Our little Avtex Tv is playing up.It works fine with a DVD or when linked to the satellite receiver.I set it to autotune and it will find anything up to 30 to 40 stations but then comes up no signal even when connected to the Caravan Club aerial.Set it to autotune without the aerial plugged in and of course it doe'snt find any stations.So it must be tuning in.Is it terminal?


----------



## cabby (May 14, 2005)

Contact Avtex on their landline and ask for tech dept, they are very helpful and will guide you along.

cabby


----------



## camallison (Jul 15, 2009)

Is there a "save" facility after the auto scan?

Colin


----------



## dovtrams (Aug 18, 2009)

You say it is fine when linked to sat system but not when plugged into CC system. Probably stating the obvious but have you changed the source of the signal?
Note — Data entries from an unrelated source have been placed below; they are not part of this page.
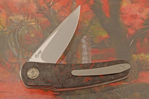 Red Dark Matter FatCarbon handle scales are set on titanium liners. A titanium pivot is surrounded by a titanium pivot collar. The 3D machined titanium pocket clip is mounted for tip-up, right side carry.
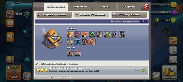 Уровень Ратуши: 17Краткое описание: 🔥🔥🔥【11 ЕПИК СНАРЯГ】【РАТУША 17 ДЕФФ】【ГЕРОИ-58/36/43/27/33】 【190 LVL】🔥🔥🔥 ✅Почта Gmail✅ 🔐Полный доступ🔐
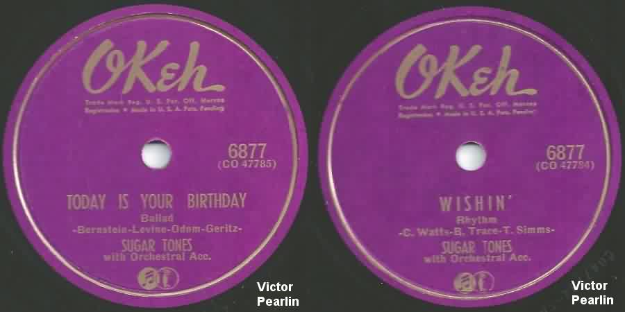 On April 7, 1952, the Sugar Tones recorded another four songs for Okeh: "Wishin'", "Today Is Your Birthday" (a reprise of their Onyx tune), "I Know You Gotta Go", and "Cancel The Flowers".
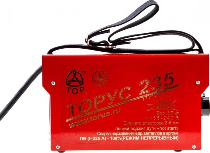 Очень низкая температура тоже не является препятствием для его надежной работы. Понижение напряжения сети до 165 В и менее не станет помехой для работы аппарата и, следовательно, его можно использовать не только на объектах со слабой сетью, но и для работы от бензогенератора . Широкий диапазон сварочного тока, наличие цифрового индикатора тока, максимальный ПВ (процент времени работы), малые габариты и вес аппарата ТОРУС-235 резко выделяют его среди конкурентов.
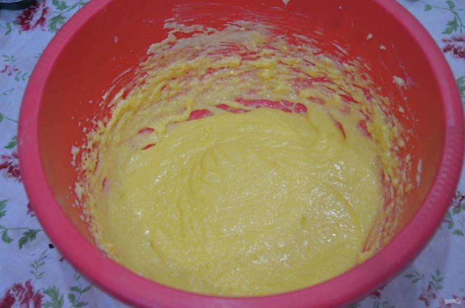 На высокой скорости разотрите сахар с маслом (3-5 минут). Добавьте по одному яйца, еще раз хорошо взбейте.
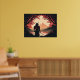This poster features striking digital art of a samurai standing in front of Mount Fuji, with a full moon in the background. The image captures the majesty of the mountain and the grandeur of the samurai, with both elements set against the backdrop of a serene night sky. The samurai is depicted wearing traditional armour and holding a sword, exuding a sense of strength and honour. The scene is framed with cherry blossoms adding a touch of elegance and beauty to the overall art. This poster is a great addition to any room.
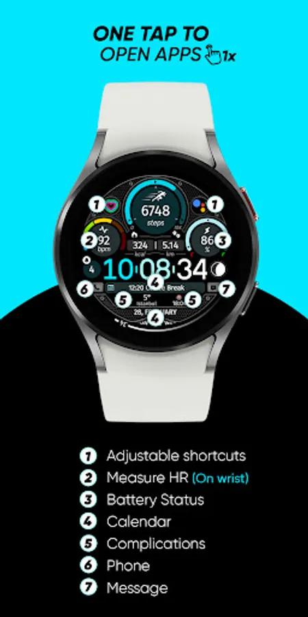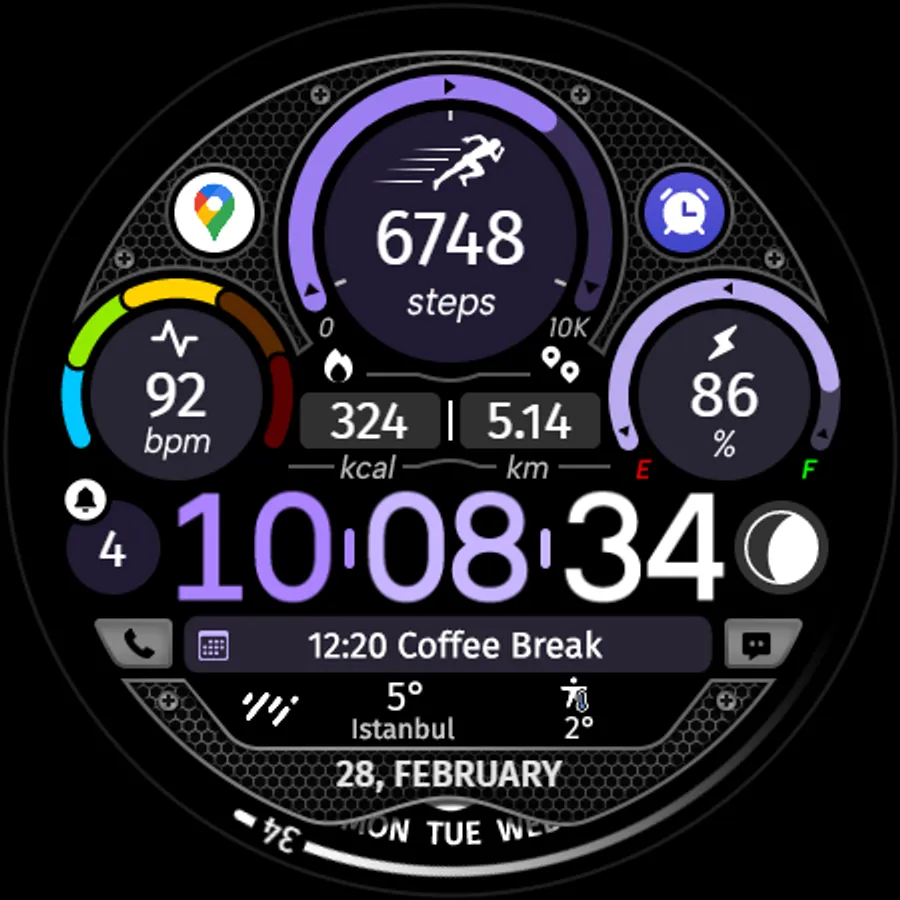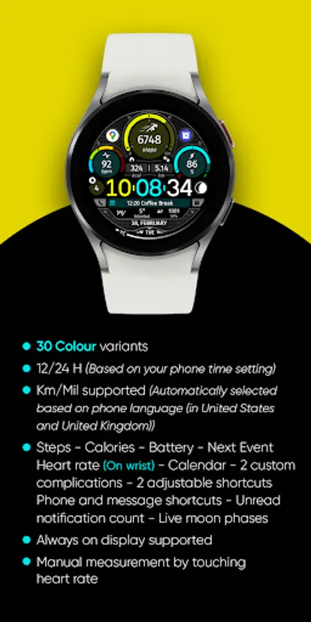 β π Steps - Calories - Battery - Next Event - Heart rate (On wrist) - Calendar - 2 custom complications - 2 adjustable shortcuts - Phone and message shortcuts - Unread notification count - Live moon phases
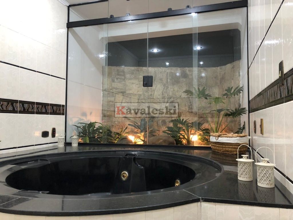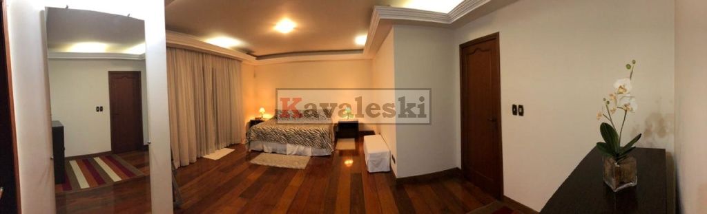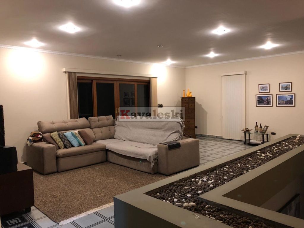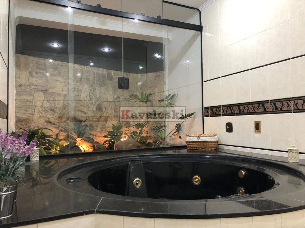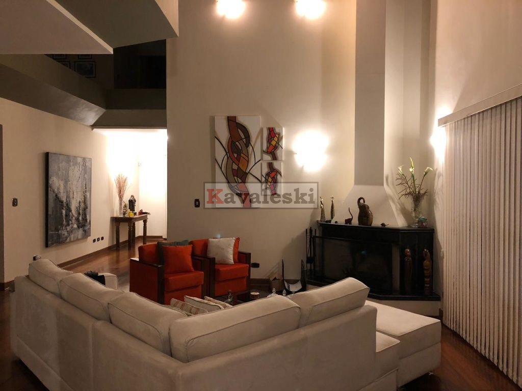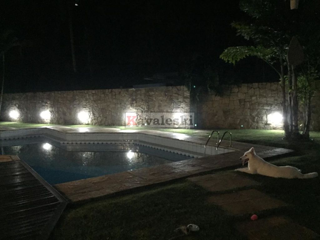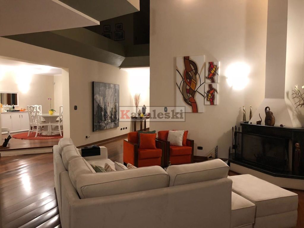 Linda e imponente casa em final de rua tranquila instalada em 1260m2 de terreno. Com 722m2 de construção sólida de parede dupla externa e interna a casa possui caixilharia e metais de primeira qualidade e muita madeira. Aquecimento solar. Garagem coberta e fechada para 4 carros, com entrada independente à casa, banheiro mais 4 vagas externas. 3 entradas independentes à residência: entrada social, lazer e serviço. Aconchegante sala de lareira com pé direito duplo. Lindo lavabo estilo provençal. Sala de jantar ampla e iluminada com vista para seu jardim. Cozinha muito bem iluminada repleta de armários com pia dupla, bancada, despensa própria e sala de almoço. Lavanderia repleta de armários, tanque duplo e local para instalação de até 2 máquinas de lavar. Prático anexo para empregado(s) com 2 cômodos, cozinha e banheiro completo com chuveiro. Ampla sala de TV com acesso à área de lazer. Escritório prático e espaçoso. 4 quartos sendo o primeiro a suíte máster com closet, hidromassagem e jardim de inverno, uma segunda suíte com hidromassagem e outras duas semi-suítes igualmente com hidromassagem. A área de lazer é composta por piscina com sua ampla casa de bombas, espaço gurmet com churrasqueira e forno iglu contígua ao salão de jogos, cozinha equipada com armários, despensa, 1 lavabo e um segundo espaço contíguo composto por uma com sauna seca, vestiário e um banheiro completo. A casa é muito silenciosa e ao mesmo tempo possui uma excelente acústica nos ambientes devido ao pé direito duplo das salas, sendo que a sala da lareira aquece também a sala de TV. Todos os quartos possuem sacadas e uma excelente vista permanente ao condomínio e a natureza do entorno, sendo que a suíte máster possui vista para toda a área de lazer.

I have done this myself a couple of times, 'no signal' on the screen and then realise that it is still linked to the wrong source.

Good luck

Dave


----------



## peribro (Sep 6, 2009)

When you say that it finds 30 to 40 stations through the satellite receiver, are these digital freeview channels that it's finding using its (the Avtex) own tuner or satellite channels using the satellite receiver?

If it's freeview channels then have you got a Status aerial that is connected into the satellite receiver? If so, then you need to connect the campsite aerial into the back of your satellite receiver in place of the Status input as presumably the aerial cable to the Avtex is coming via the satellite receiver?

ps maybe the cable or connections on the cable you are using to connect to the campsite is faulty?


----------



## Roger7webster (Oct 10, 2006)

I had a similar problem when it would only tune/receive half the freeview channels from a campsite system
Only cured by reverting to the original factory settings and retuning
Hope this helps


----------



## premiermotorhomes (Feb 13, 2008)

Good afternoon, 

Avtex will be best suited to anyone who requires technical assistance, they can be contacted on 029 2061 0109 option 2.

Regards,
Chris


----------



## robrace (Jun 30, 2005)

*avtex tv*

thanks for all the advice.Brought tv into house and connected to house aerial,found loads of channels but still no service etc.Rang very helpful Avtex service centre who confirmed possible fault and have arranged to send to them!!


----------